Catalina Island, 22 nautical miles from Los Angeles, has been a popular getaway since William Wrigley, Jr. of chewing gum fame, recognized its value for tourism in the 1920s. Though development for tourism had been started before by others, World War I interfered and the money ran out before significant inroads could be made. Fortunately financial endurance wasn’t a problem for Wrigley and except for a three-year interruption in his plans when the military took over the island during World War II, he forged ahead constructing the infrastructure, Catalina Casino and other attractions. In order to gain publicity for the resort, he brought his baseball team, the Chicago Cubs, to the island where they would hold their spring training from 1921 through 1951. When William died, it passed to his son, Philip K. Wrigley, who continued the development according to his father’s plans.
Being so close to the Los Angeles/Hollywood film industry, it was a favorite quick escape for actors who could enjoy boating, fishing, diving and socializing. It was just off the village of Two Harbors where actress Natalie Woods drowned after falling into the water while trying to secure the tender in the middle of the night. Her terror of water was well-known by many and the circumstances of her death are still not totally resolved 36 years later.
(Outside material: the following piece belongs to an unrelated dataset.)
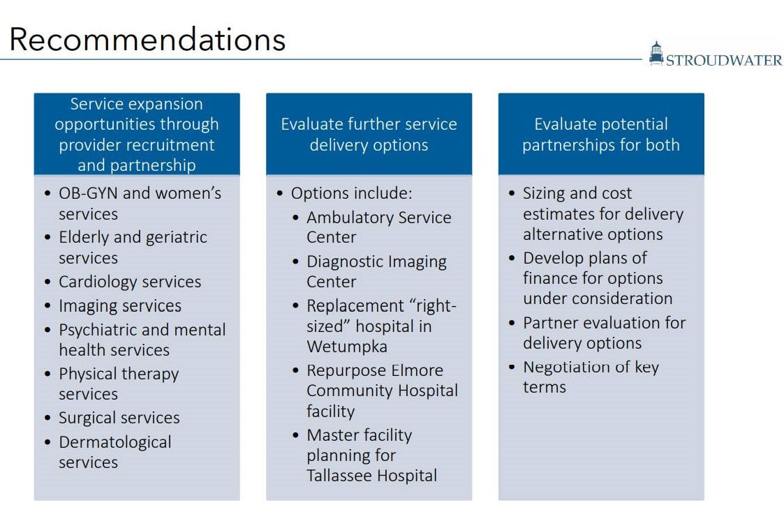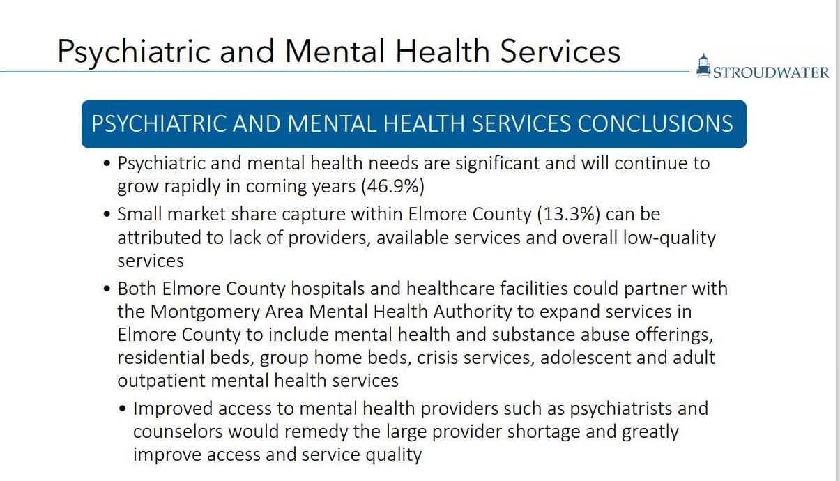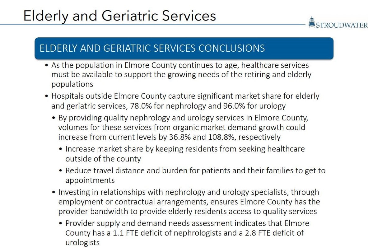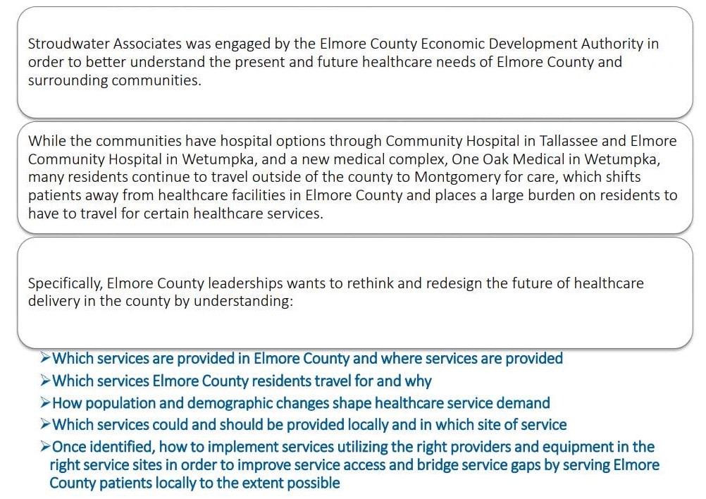 WETUMPKA, ALABAMA – The Elmore County Economic Development Authority (ECEDA) in conjunction with the Elmore County Commission engaged Stroudwater Associates to better understand the present and future healthcare needs of Elmore County. The goal of the study was to determine what services are currently provided, what services and where residents travel for services, determine future healthcare needs, and identify services that could and should be provided locally. Stroudwater Associates presented their findings today to local stakeholders including many elected officials, first responders, and healthcare professionals.

Her husband, Robert Wagner, actor Christopher Walken and boat captain, Dennis Davern, were on the boat at the time.
Catalina has appeared in many films and the Avalon Marina is a familiar sight to moviegoers. Once a rather desolate outcropping of mountains and barren land friendly only to a few goats, Catalina Island has evolved into a familiar tourist destination offering the landmark casino, golf, restaurants and quaint hotels. Many have built vacation homes in the hills above the marina that command breathtaking views and are within walking distance of the main attractions and shopping. There are miles of hiking and biking paths into the interior where one can get a glimpse of the managed herd of 150 buffalo (a former movie prop left behind), other fauna and flora of the island and panoramic views of the Pacific Ocean. Access is by ferry, helicopter, private plane, by cruise ship or one’s own yacht.
Going up for auction on August 24th is a one-of-a-kind hillside house with stunning panoramic views of Avalon Bay, the town, the weekly cruise ships, boats in the marina and the Pacific Ocean. Only a five-to-ten-minute walk to all the fun, the 6,232-square-foot residence has three bedrooms and six baths spread for convenience over the four levels accessed by either the glass elevator with skylight above or stairs. But the fun isn’t just down the hill, this house has plenty of its own attractions such as a custom wood-fired pizza oven, outside bar, bocce ball, horseshoe pit, and media room with full bar and expansive wine cellar in addition to 2,000 square feet of outdoor living and entertaining space and an infinity pool with outdoor shower. A workout in the fully equipped home gym is made even better when stepping into the sauna and showering off in the dedicated bath. Floor-to-ceiling window walls and terraces with glass railings for unobstructed viewing offer views from almost every room. The large wine cave is large enough to enjoy tasting and has its own wet bar. Owners enjoy an extensive master suite and a private office. Also included are a number of pieces of artwork and sculptures, a second-floor, Green River prehistoric fossil stone wall with an estimated age of 50 million years. Other pieces of art are negotiable.
Currently listed at $7.88 million, if not sold prior to August 24th the property will be auctioned on that date with no reserve.